La distinction la plus importante dans le choix des indicateurs pour la direction est celle entre les indicateurs d'activité et les indicateurs de risque résiduel. "Nombre de vulnérabilités corrigées ce trimestre" est un indicateur d'activité. "Nombre de vulnérabilités critiques non corrigées depuis plus de 90 jours" est un indicateur de risque résiduel. Le premier rassure — le second informe. "Taux de participation aux formations de sensibilisation" est un indicateur d'activité. "Taux de succès des simulations de phishing" est un indicateur de risque résiduel. Pour la direction, les indicateurs de risque résiduel sont systématiquement plus utiles parce qu'ils mesurent ce qui reste exposé — pas ce qui a été fait.

Les cinq à dix indicateurs essentiels

Une sélection raisonnée d'indicateurs pour le pilotage de la direction pourrait inclure : le délai moyen de correction des vulnérabilités critiques (risque résiduel sur les actifs les plus exposés) ; le pourcentage de systèmes critiques sans sauvegarde testée récemment (risque résiduel sur la continuité) ; le nombre de prestataires critiques sans évaluation de sécurité récente (risque résiduel sur la chaîne d'approvisionnement) ; le taux de succès des simulations de phishing sur les populations les plus ciblées (risque résiduel sur le facteur humain) ; et le nombre de risques prioritaires avec un responsable et un plan de traitement documentés (indicateur de gouvernance). Ces cinq indicateurs couvrent les dimensions principales de l'exposition et de la gouvernance, dans un format lisible.

Cas EU Maersk (2017) — La reconstruction post-attaque NotPetya a conduit l'organisation à définir des indicateurs de résilience opérationnelle qui sont devenus des références dans le secteur : délai de restauration des systèmes critiques, couverture des sauvegardes, disponibilité des plans de continuité. Ces indicateurs, nés directement de l'expérience d'un incident réel, mesurent ce qui avait été difficile lors de l'incident — et constituent donc des mesures de risque résiduel directement pertinentes pour la direction.

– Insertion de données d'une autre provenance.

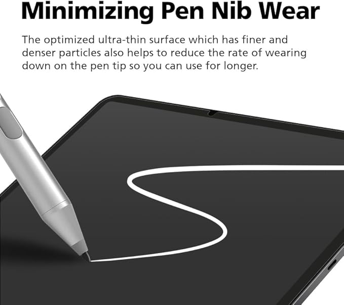 - 【FEELS LIKE WRITING & DRAWING ON REAL PAPER】 The premium paperfeel texture of surface makes you feel like paper, providing you with a wonderful and delicate writing and painting experience. Also it provides more resistance on the touchscreen than normal tempered glass which gives you more control and accuracy when drawing. The optimized ultra-thin surface which has finer and denser particles also helps to reduce the rate of wearing down on the pen tip so you can use for longer.

Lire les tendances plutôt que les valeurs absolues

Un indicateur isolé a peu de valeur sans son contexte temporel. Ce qui informe réellement la direction est la tendance : cet indicateur s'améliore-t-il, se dégrade-t-il, ou stagne-t-il ? Une organisation dont le délai moyen de correction des vulnérabilités critiques a diminué de 45 à 30 jours au cours des deux derniers trimestres progresse — même si 30 jours reste un délai qui peut paraître long. Une organisation dont ce même indicateur est passé de 10 à 30 jours en un an régresse — même si sa valeur absolue reste inférieure à la moyenne sectorielle. Présenter les indicateurs avec leur tendance sur les huit derniers trimestres est ce qui les transforme en outils d'analyse stratégique plutôt qu'en photos instantanées.

Renouveler et recalibrer les indicateurs

Les indicateurs choisis aujourd'hui doivent être périodiquement remis en question. L'environnement évolue, les menaces changent, les processus se transforment — et les indicateurs qui mesuraient les risques les plus pertinents il y a deux ans peuvent ne plus capter les risques actuellement les plus significatifs. Une révision annuelle des indicateurs — en se demandant si un incident récent dans l'organisation ou dans le secteur aurait été détecté ou anticipé par les indicateurs existants — est la pratique qui permet de maintenir la pertinence du tableau de bord dans la durée, sans le rigidifier autour d'une représentation obsolète des risques.

Cas Asie Cathay Pacific (2018) — L'absence d'un indicateur de comportement anormal sur les accès aux bases de données passagers — par exemple "nombre d'accès en dehors des plages horaires normales" ou "volume de données consultées par un compte technique dépassant le seuil habituel" — avait permis à la compromission de durer 14 mois. Ces indicateurs de risque résiduel spécifiques aux scénarios de compromission les plus probables auraient transformé une surveillance générique en détection précoce.